Kneeling L-R: Terry Walker,
Bruce Cross, John Chapman,
Craig Tucker, Sam Anthony,
Rick Nelson, Glen O’Neal,
Keith Parris.
Two of the teams Flint Northern played in the 1978 Class A state basketball tournament had future NBA players on
their rosters.
The Vikings had nobody of that caliber on their squad, but look who took home the state championship trophy.
Northern beat a Flint Northwestern team led by Trent Tucker in the regional final and smothered future Detroit Piston
Walker D. Russell of Pontiac Central in the state championship final to claim perhaps the most unlikely of the school’s
nine state titles.
“We didn”t have any All-Americans or All-Staters,” said Northern coach Bill Troesken. “We had a bunch of hardworking
little guys.
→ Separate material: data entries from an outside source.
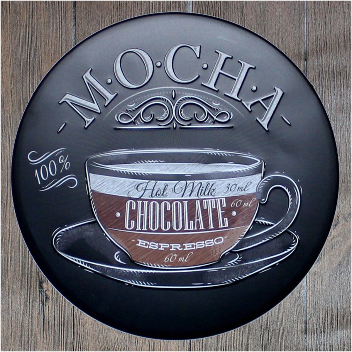 Mocha Chocolate Round Metal Tin Sign Poster will adorn the look and feel of your wall. This versatile and durable tin sign, metal wall poster can be stuck in any corner of your room, office, shop, shed, garage or store and it will look just as great. Imported Iron. Fashion & Retro Quality Tinned Skin. Four pre-drilled holes for hanging or you may use double-sided tape.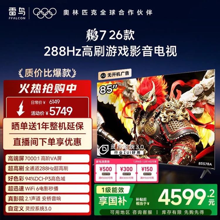 TCL雷鸟鹏7 26款85英寸电视震撼来袭,现活动售价9182元,多重优惠叠加后实付低至4299.5元,史无前例的超值价格等你抢!这款大屏电视拥有288Hz超高刷新率,画面流畅不拖影,无论是看大片还是打游戏都畅快淋漓,配备满血HDMI2.1接口,支持高帧率传输,完美适配次世代主机与高性能显卡,带来影院级视听享受。85英寸巨幕视野开阔,沉浸感十足,搭配TCL高品质显示技术,色彩还原真实细节丰富。目前参与满减、官方立减、限时补贴、消费券及国家补贴等多项优惠,到手价仅4299.5元,性价比爆棚,数量有限抢完即止,赶紧下单把影院级体验带回家!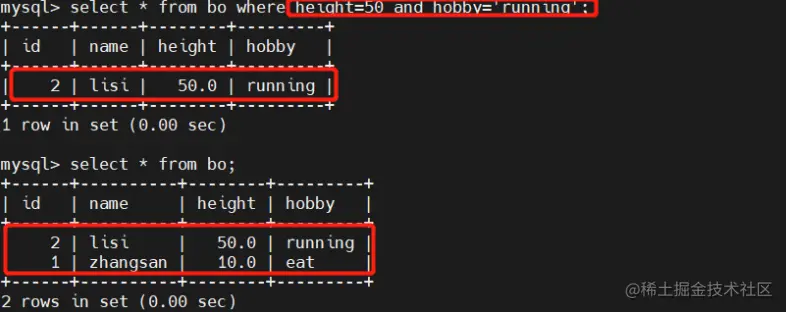 select * from 表名 where 字段1=值 and 字段2=值 and ....;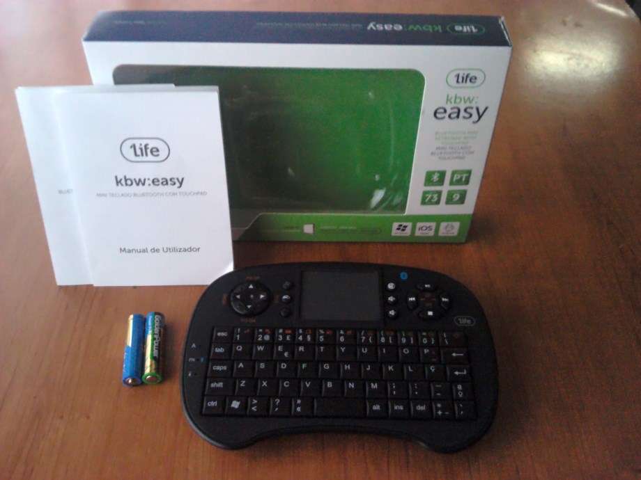 O teclado kbw:easy é apenas acompanhado de duas pilhas AAA e pelos manual de utilizador em inglês e português. Não é fornecido qualquer adaptador bluetooth, o que limita a sua utilização a dispositivos que já disponham desta tecnologia, ou nos obriga a comprar um em separado.

It was a group of kids that when you asked them to do things, they responded.”
One of the things Troesken asked of his team was to slow down Tucker in the regional championship game. The
Northwestern All-Stater and future New York Knicks guard was known for shooting the ball, not passing it, and he
logged a then-Flint Class A career-record 1,294 points from 1975-78.
The Wildcats led the Vikings 28-17 with 6:34 left in the second quarter of the regional championship game, when
Northern switched from a zone defense to a man-to-man set. Behind the defensive efforts of Curtis Carroll and Kent
Smith, the Vikings turned Tucker from a shooter into a passer and came back to post a 71-55 victory in front a sellout
crowd of 4,500 at IMA Auditorium. Tucker made only seven field goals and finished with 18 points, his lowest output of
the state tournament.
“Trent Tucker was the best player in the state that year, and we had to exert so much energy to keep him under
control,” Carroll said. “We got to the point where he was reversing the ball.”
Northern not only stymied the 6-foot-5 Tucker, but its tenacious defense held the Wildcats to a paltry 12-of-35
shooting (34.3 percent) in the final 16 minutes of the game.
The come-from-behind victory turned out to be the turning point for the Vikings, who went on to complete their state
championship run with a 23-3 overall record and were ranked 25th in the nation in Basketball Weekly’s top 30 prep
teams.
“Sometimes you are rolling the dice,” said Troesken. “It was our ability to maintain our defensive pressure in a manto-
man set that we had not done before. You just understand that something good could be happening here.”
While Northern featured a senior-laden team – 12 of the 14 boys on its tournament roster were seniors – it did not
have any All-State players. The Vikings had two players earn first-team All-Saginaw Valley Conference West Division
honors in seniors Craig Tucker, Trent’s cousin, and Gary Pool. Seniors John Chapman and Garry Townsend both
snared second-team All-SVC West accolades.